Language code values

Indicate the language associated with a particular object using language codes.

Overview

Some elements of a QuickTime file may be associated with a particular spoken language. To indicate the language associated with a particular object, the QuickTime file format uses either language codes from the Macintosh Script Manager or ISO language codes (as specified in ISO 639-2/T).

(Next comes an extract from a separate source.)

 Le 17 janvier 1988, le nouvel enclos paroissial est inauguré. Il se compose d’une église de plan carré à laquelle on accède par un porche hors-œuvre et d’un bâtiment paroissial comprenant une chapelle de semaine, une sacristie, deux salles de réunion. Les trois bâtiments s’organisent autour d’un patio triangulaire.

QuickTime stores language codes as unsigned 16-bit fields. All Macintosh language codes have a value that is less than 0x400 except for the single value 0x7FFF indicating an unspecified language. ISO language codes are three-character codes, and are stored inside the 16-bit language code field as packed arrays, as described in Language code values. If treated as an unsigned 16-bit integer, an ISO language code always has a value of 0x400 or greater unless the code is equal to the value 0x7FFF indicating an Unspecified Macintosh language code.

If the language is specified using a Macintosh language code, any associated text uses Macintosh text encoding.

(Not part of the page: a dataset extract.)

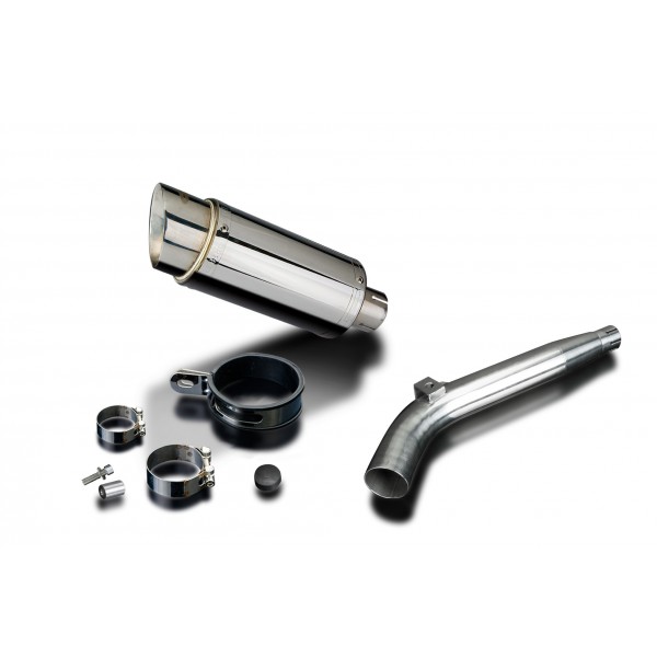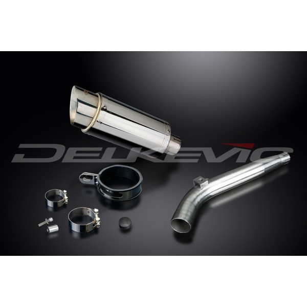 • This set includes - Delkevic silencer with a removable baffle, link pipe, strap, and clamps.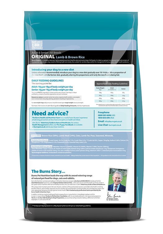 Burns Original Lamb and Brown Rice Dog Food is a hypoallergenic recipe that is full of nutrition and flavour. Made with high quality wholesome ingredients, this is a low fat meal that will ensure your dog gets a controlled amount of protein in their diet.

If the language is specified using an ISO language code, any associated text uses Unicode text encoding. When Unicode is used, the text is in UTF-8 unless it starts with a byte-order-mark (BOM, 0xFEFF), whereupon the text is in UTF-16. Both the BOM and the UTF-16 text should be big-endian.

Macintosh language codes

The following table lists QuickTime language code values.

Language

Value

English

0

French

1

German

2

Italian

3

Dutch

4

Swedish

5

Spanish

6

Danish

7

Portuguese

8

Norwegian

9

Hebrew

10

Japanese

11

Arabic

12

Finnish

13

Greek

14

Icelandic

15

Maltese

16

Turkish

17

Croatian

18

Traditional Chinese

19

Urdu

20

Hindi

21

Thai

22

Korean

23

Lithuanian

24

Polish

25

Hungarian

26

Estonian

27

Lettish

28

Latvian

28

Saami

29

Sami

29

Faroese

30

Farsi

31

Russian

32

Simplified Chinese

33

Flemish

34

Irish

35

Albanian

36

Romanian

37

Czech

38

Slovak

39

Slovenian

40

Yiddish

41

Serbian

42

Macedonian

43

Bulgarian

44

Ukrainian

45

Belarusian

46

Uzbek

47

Kazakh

48

Azerbaijani

49

AzerbaijanAr

50

Armenian

51

Georgian

52

Moldavian

53

Kirghiz

54

Tajiki

55

Turkmen

56

Mongolian

57

MongolianCyr

58

Pashto

59

Kurdish

60

Kashmiri

61

Sindhi

62

Tibetan

63

Nepali

64

Sanskrit

65

Marathi

66

Bengali

67

Assamese

68

Gujarati

69

Punjabi

70

Oriya

71

Malayalam

72

Kannada

73

Tamil

74

Telugu

75

Sinhala

76

Burmese

77

Khmer

78

Lao

79

Vietnamese

80

Indonesian

81

Tagalog

82

MalayRoman

83

MalayArabic

84

Amharic

85

Galla

87

Oromo

87

Somali

88

Swahili

89

Kinyarwanda

90

Rundi

91

Nyanja

92

Malagasy

93

Esperanto

94

Welsh

128

Basque

129

Catalan

130

Latin

131

Quechua

132

Guarani

133

Aymara

134

Tatar

135

Uighur

136

Dzongkha

137

JavaneseRom

138

Unspecified

32767

ISO language codes

Because the language codes specified by ISO 639-2/T are three characters long, they must be packed to fit into a 16-bit field. The packing algorithm must map each of the three characters, which are always lowercase, into a 5-bit integer and then concatenate these integers into the least significant 15 bits of a 16-bit integer, leaving the 16-bit integer’s most significant bit set to zero.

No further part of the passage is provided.